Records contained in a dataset
★ ★ ★ ★
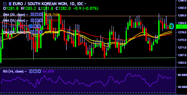 - EUR/KRW is currently trading around 1,281 mark.
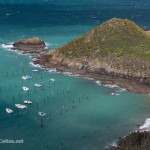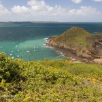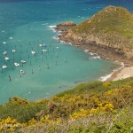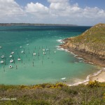 Le littoral de Plouha s’étend de l’anse de Bréhec jusqu’à la plage du Palus au sud. Petites criques et plages entourées de hautes falaises composent un paysage côtier sauvage qui se couvre d’ajoncs dès le printemps. Les principales plages sont la plage du Palus, la plage de Bréhec, la plage de Porz Moguer et la plage Bonaparte. Cette dernière, accessible via un tunnel piétonnier creusé dans la falaise, est également un site historique : pendant la Seconde Guerre Mondiale, le réseau de résistance Shelburn y organisa l’évasion de 135 aviateurs Alliés abattus dans le ciel de France par les Nazis. Mais ce qui fait la réputation du littoral de Plouha, ce sont ses falaises, les plus hautes de Bretagne, culminant à 104 mètres au-dessus des flots à la pointe de Plouha. Les falaises les plus spectaculaires de la côte se situent du côté de la pointe de Beg Hastel, éperon rocheux s’avançant dans la mer face aux ilôts du Pommier et de la Mauve, et qui offre un superbe panorama sur la baie de Saint-Brieuc. Pas loin de là, la pointe de Gwin Zegal est sans doute le site naturel le plus connu de la commune de Plouha. Au pied des falaises, abrité dans une crique, on peut y voir l’un des rares mouillages à pieux de Bretagne et même de France (il en existe un autre à Porspoder dans le Finistère). Ce type de mouillage remonte au Moyen-Age. Des troncs d’arbre de 8 à 10 mètres de haut sont plantés avec leurs racines dans le sable, des pierres consolidant la base de chaque arbre. L’ensemble forme une petite forêt de mâts auxquels s’amarrent les embarcations. Un sentier permet de descendre du sommet des falaises jusqu’au mouillage. Mais soyez prudents, l’érosion dégrade le sentier et son accès est parfois fermé. Pas de danger par contre sur le GR34 qui longe la côte et constitue sans aucun doute le meilleur moyen d’apprécier pleinement ces paysages spectaculaires.
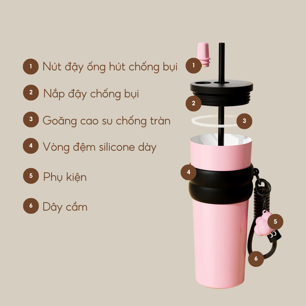 Rất phù hợp! Dung tích lớn, giữ nhiệt tốt, dễ cầm – ai cũng cần một chiếc ly như vậy. - Ống hút có tháo rời để vệ sinh không?
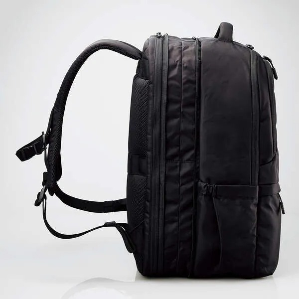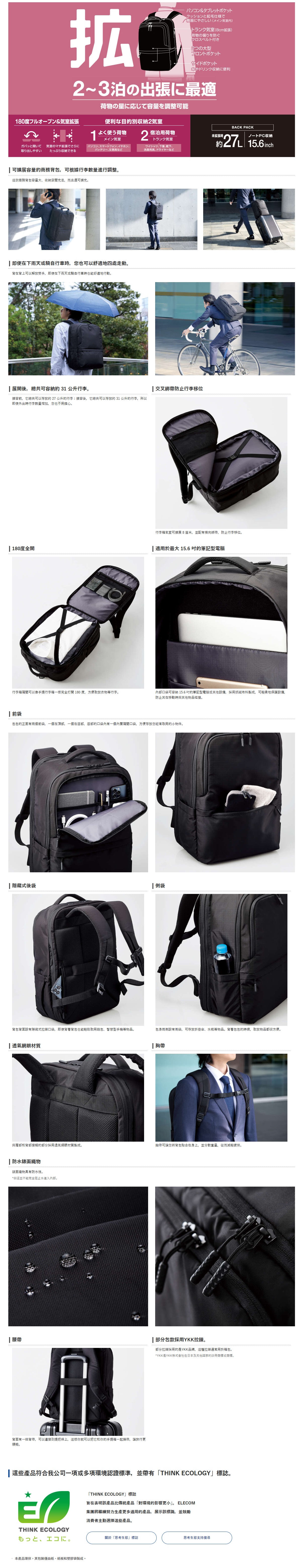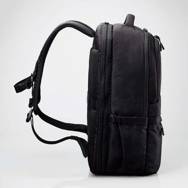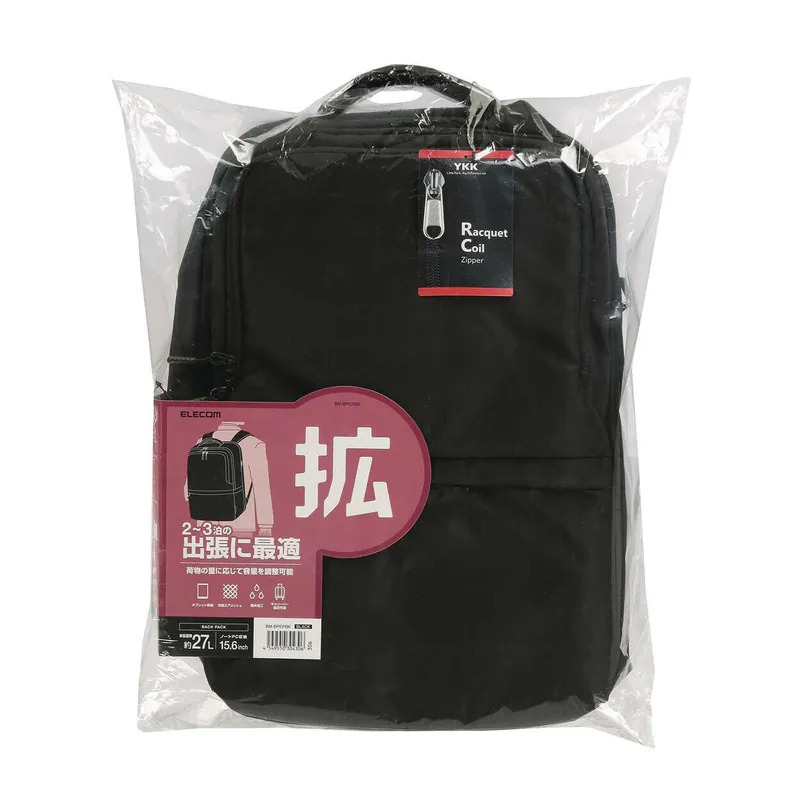 ELECOM BM-BPEPBK 擴張型大容量商務背包 (黑色),專為通勤與商務旅行設計。未擴張時可收納約 27 公升,擴張後可達 31 公升,能靈活應對行李增減。背包採用 180 度全開設計,方便如同行李箱般整理物品,並具備防潑水材質、多重收納口袋與筆電保護隔層,兼具專業外觀與實用功能。
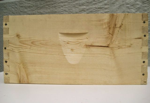 Boxes are open in the middle so that when they are stacked, bees can move between boxes without restriction.
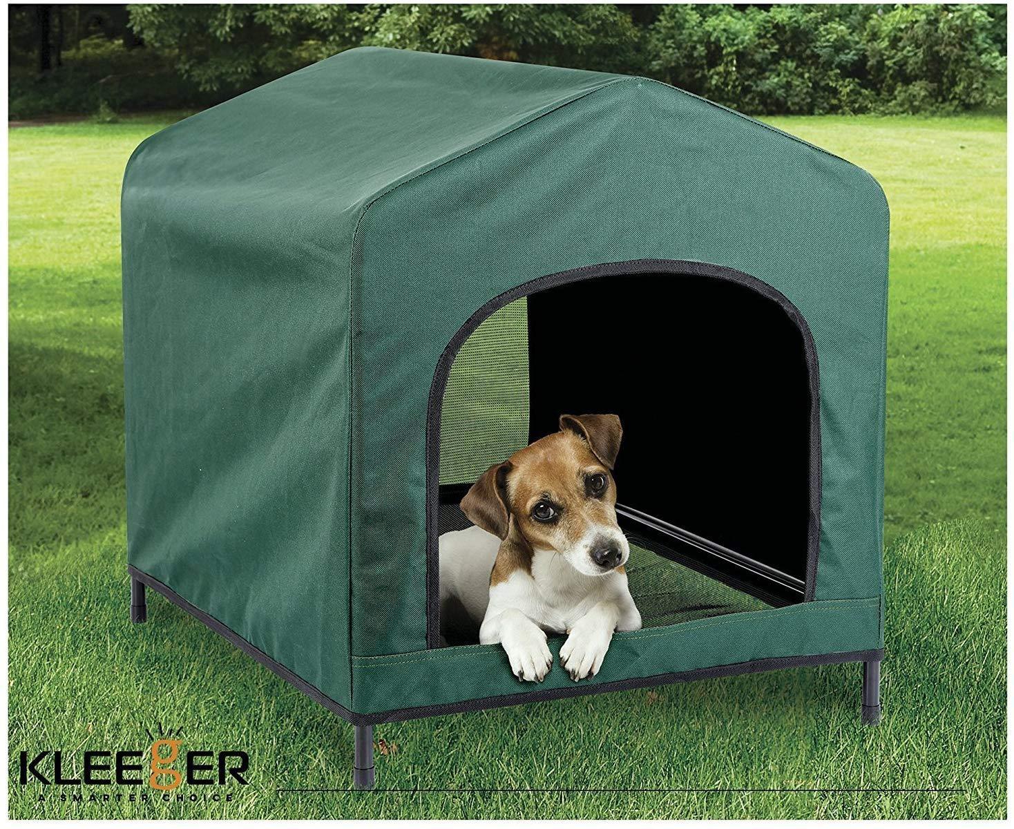 A COMPACT & LIGHTWEIGHT SOLUTION: Whether you're looking for an outdoor pet house for your back yard or for an elevated place for your pet to sleep when you go camping together, this great compact shelter will do the trick. With a size of 26"(Deep) x 21" (Wide) x 24 " (Tall) and a light but durable metal frame, it's perfect for all pets up to 80 lbs.
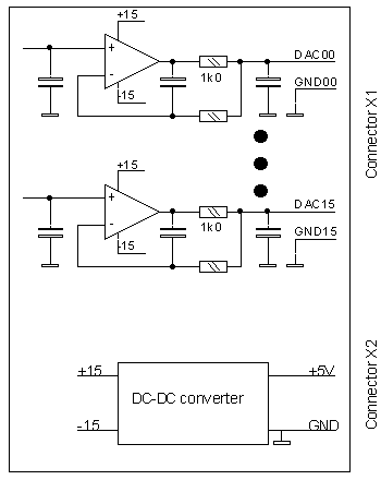 Устрой ство CANDAC16 представляет из себя 16-канальный 16-разрядный двухполярный цифроаналоговый преобразователь. Ниже приводится условная схема устройства, которая облегчит понимание правильности включения устройства.
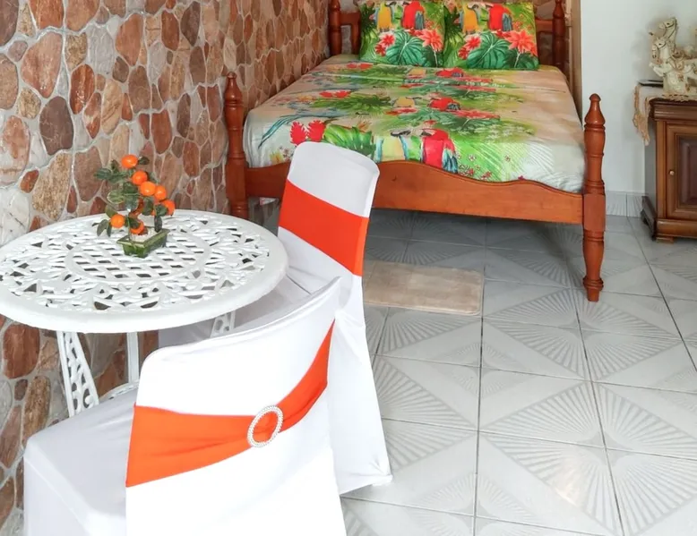 Discover charm and comfort in this spacious 150 m² studio in Bouillante, perfect for relaxation and play. Enjoy stunning views of the garden and sea from your private terrace. Here, you’ll find everything you need for a comfortable stay: air conditioning, kitchen facilities, and garden access. - From sea to mountains: fantastic views! - Private terrace with barbecue options. - Ideal for couples or solo travelers. The space Discover charm and comfort in this spacious 150 m² studio in Bouillante, perfect for relaxation and play. Enjoy stunning views of the garden and sea from your private terrace. Here, you’ll find everything you need for a comfortable stay: air conditioning, kitchen facilities, and garden access. - From sea to mountains: fantastic views! - Private terrace with barbecue options. - Ideal for couples or solo travelers. Exterior : The studio features a lovely, fully enclosed garden where you can relax among tropical plants. The private terrace is perfect for outdoor meals, equipped with garden furniture and a barbecue for cooking delicious meals. Enjoy sea views from your outdoor terrace, and let your children play on the large lawn. Parking is included, so you can explore the area with peace of mind. Studio : The spacious studio is furnished with modern surfaces and comfortable furniture. You will find a bedroom with a double bed and a separate bathroom with a shower. The kitchen is fully equipped with useful appliances, including a microwave, coffee maker, and dishwasher. There is also a workspace if you need to work from home. The spacious layout allows you to move freely, and you'll feel at home with all the necessary conveniences. Nearby attractions: - Malendure Beach: ideal for scuba diving and snorkelling. - Cousteau Reserve: a wonderful site for diving enthusiasts. - Guadeloupe National Park: hiking and discovering local fauna and flora. - Bouillante hot springs: relaxation and well-being await you. Access: Arriving by car is easy, and parking is available on-site. Bouillante is about 45 minutes from Pointe-à-Pitre International Airport, making your journey convenient. Additional information : - Cleaning, bed linens, and towels are included in the rental price. - Free parking is available on-site. - Pets are allowed upon prior request for a fee of 30 euros per stay. - No parties allowed. - Smoking indoors is allowed.
★ ★ ★ ★
» **PROBLEM DETAILS**
What's needed is an exact copy of the records above from the line containing "ELECOM BM-BPEPBK 擴張型大容量商務背包" down to the line containing "Boxes are open", both included, without any pictures.

» **RESULT OF THIS TASK**
 ELECOM BM-BPEPBK 擴張型大容量商務背包 (黑色),專為通勤與商務旅行設計。未擴張時可收納約 27 公升,擴張後可達 31 公升,能靈活應對行李增減。背包採用 180 度全開設計,方便如同行李箱般整理物品,並具備防潑水材質、多重收納口袋與筆電保護隔層,兼具專業外觀與實用功能。
 Boxes are open in the middle so that when they are stacked, bees can move between boxes without restriction.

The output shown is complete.